Entre 2009 y 2011 sólo se ejecutó el 23,47% de lo destinado a equipamiento hospitalario. Pero la gestión macrista no es solo criticada por subejecutar el presupuesto, sino también por la informalidad laboral y la falta de equipamiento.
A fines de noviembre del año pasado, la legislatura porteña le aprobó al gobierno del PRO un gasto de 32.500 millones de pesos para 2012.
A principios del mes de julio del corriente año, Mauricio Macri hizo que sus legisladores y algunos aliados le ampliaran en 3.348 millones de pesos la autorización obtenida seis meses antes.
Con 35.848 millones de pesos, la Ciudad de Buenos Aires tiene el tercer Presupuesto de la Argentina.
Una de las excusas del gobierno del PRO para obtener la ampliación, fue que 1.646 millones de pesos se destinarían a gastos de personal, incluyendo aportes a la Carrera de Médico Hospitalaria y a reajuste en gastos en insumos hospitalarios.
En el aumento de gasto obtenido en julio, la recolección de basura fue el rubro estrella, mientras que lo destinado a salud, inocuo.
Antes de la ampliación presupuestaria, la partida destinada en el 2012 al Ministerio de Salud representaba el 20,48% del presupuesto anual.
Es el mínimo desde el año 2000. El promedio para los 13 años anteriores fue del 24 por ciento. El máximo se alcanzó en 2002 con 28,79 por ciento.
El presupuesto es el programa de un gobierno. Su ejecución es el compromiso de los gobernantes con ese programa.

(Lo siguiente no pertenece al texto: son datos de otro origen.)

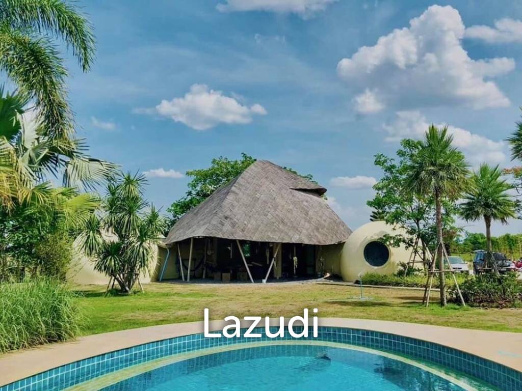 Discover the beauty of this one-of-a-kind, eco-friendly architectural masterpiece – The Artist Balinese Resort Home. Enter the front dome’s Hobbit door with mosaic benches and main room with soaring bamboo roof. This part of the project was engineered and built by Chiang Mai Life Construction (CLC), world renowned for adobe and bamboo construction (https://www.bamboo-earth-architecture-construction.com). The arched hallways lead to 2 dome bedrooms with round beds & mosaic window seats. The bathroom dome has a huge granite bathtub and mosaic octopus shower. There is a western kitchen, laundry, office and plenty of storage. Relax in hammocks, or fall asleep beneath the skylight and painted mandala.The property set on 2.2 Rais (almost 4000 m2 or 1 acre), the property boasts a salt water swimming pool, a sauna, an outdoor bathroom and shower, and a spectacular bamboo sala for holding workshops or courses. These features are connected by sandstone pathways and surrounded by beautiful tropical gardens and lawns.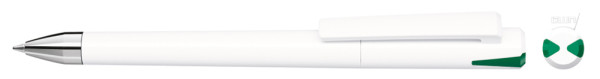 Drehkugelschreiber mit gedeckt glänzendem Gehäuse und Oberteil mit zwei farbigen Stopfen in gedeckt oder transparent. Schwere Metallspitze glanzverchromt.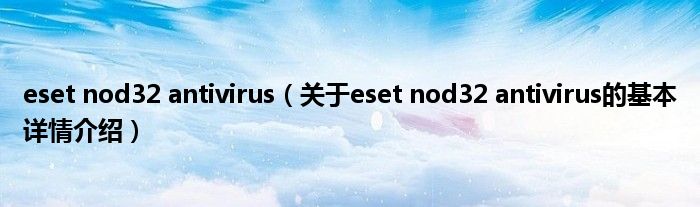 本文关于eset nod32 antivirus的基本详情介绍就讲解完毕,希望对大家有所帮助。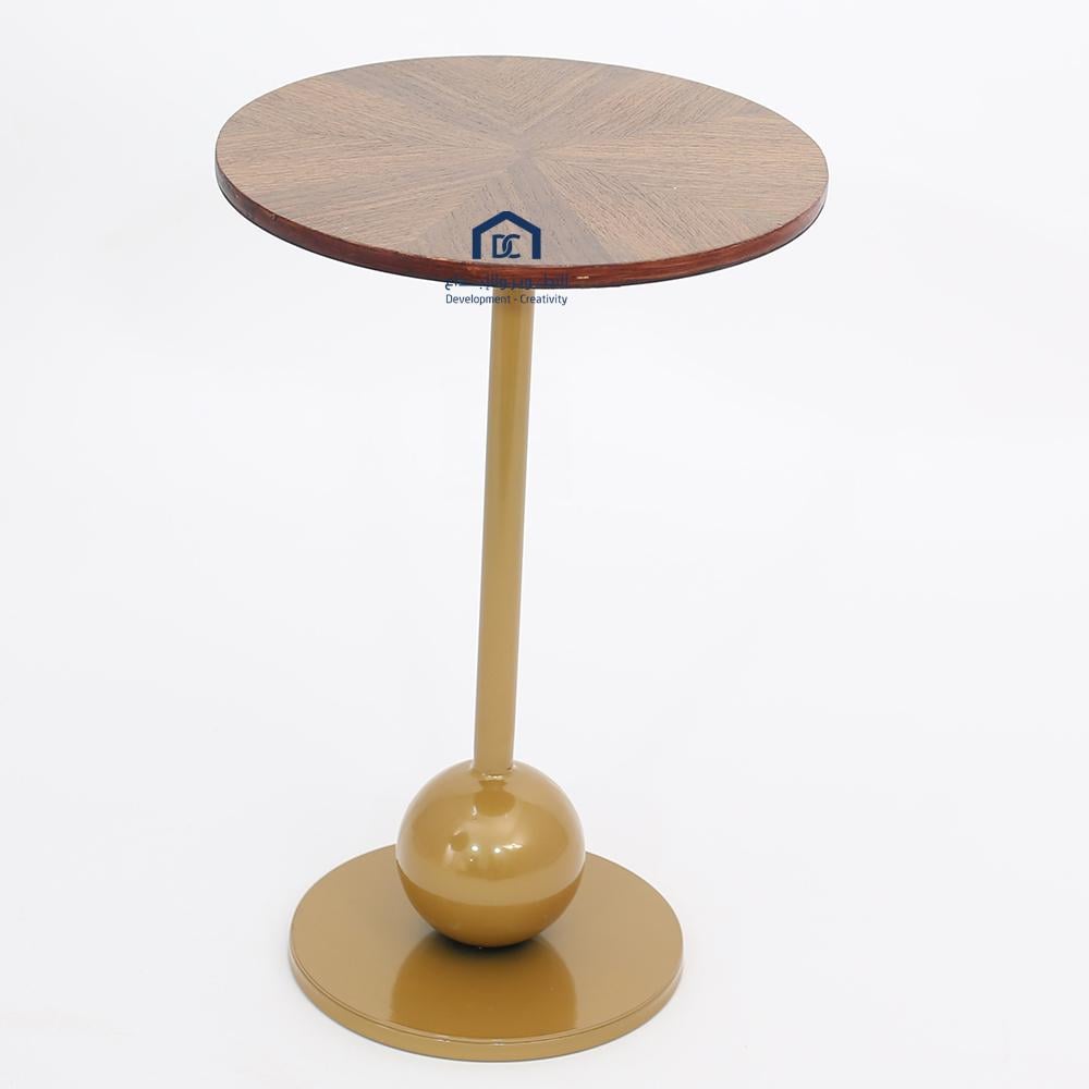 طاولة خدمة دائري لون ذهبي سطح خشب بني

Las auditorias realizadas en 12 establecimientos hospitalarios por el Organismo de control de la Ciudad Autónoma, muestran que el presupuesto destinado a infraestructura hospitalaria en el período 2009-2011, tuvo una ejecución del 84,54% sobre el crédito vigente.
En cuanto al equipamiento hospitalario, las inspecciones comprobaron que en ese rubro se ejecutó el 23,47% durante el período 2009/2011.
Según fuentes de la Auditoria General de la Ciudad, la falta de quirófanos, salas y consultorios “dificultan la asignación de turnos en un tiempo prudencial y extienden los turnos en cirugías programadas hasta casos que exceden el año de espera”.
La AGC sostiene además que “en todos los efectores se identifican falencias estructurales y de infraestructura graves”. El abandono se registra en la falta de salidas de emergencia y en “problemas de quirófano y deficiencias de mantenimiento en general”.
Las fallas encontradas “implican falta de seguridad e higiene tanto para los trabajadores del sistema de salud como para los pacientes”, dice el informe del Organismo.
Expertos en gestión de salud recuerdan que el reelecto Jefe de Gobierno proclamaba en el 2008 que eran necesarios 150 millones de pesos para equipar a los hospitales. Para el trienio 2009/2011, los fondos disponibles ascendieron a 300 millones, de los cuales ejecutó solamente 70.
La Auditoria comprobó que en los establecimientos hospitalarios inspeccionados, “son manifiestos los problemas que se registran en cuanto a mantenimiento, obsolescencia e insuficiencia del equipamiento”.
Por otra parte, la gestión de los recursos humanos dedicados a la prestación del servicio de salud pública también falla
Existe un alto grado de informalidad en las estructuras organizativas: “En todos los efectores hay problemas con los nombramientos y las estructuras”, afirman los auditores.
La designación de responsables en el sistema hospitalario “sin el correspondiente nombramiento”, genera problemas. “Hay retrasos en la realización de los concursos”, sostiene la Auditoria, por lo que la efectivización se traduce en que “aquellos que son designados desistan del puesto”.
La política de personal en el área de la salud del Pro es funcional a organizaciones destinadas a gerenciar servicios de terceros antes que a hacerse cargo de la salud pública. “Es notoria la falta de personal de enfermería y anestesiología en la gran mayoría de los efectores”, sostiene la Auditoria.
El déficit de personal especializado, “provoca que se produzcan retrasos en la asignación de turnos para cirugías programadas”, advierten los informes.
Entre el funcionamiento eficiente de los hospitales públicos y la subcontratación a privados del servicio de salud, el gobierno de Macri ha optado por una política de personal que va en dirección a la segunda alternativa.
Para el período 2008-2012 el gobierno del PRO aumentó 100% el número de empleados asignados a autoridades superiores, planta de gabinete y carrera gerencial.
En cambio, la planta permanente, así como la carrera profesional hospitalaria y el personal docente, crecieron solamente un 10 %, dicen los auditores.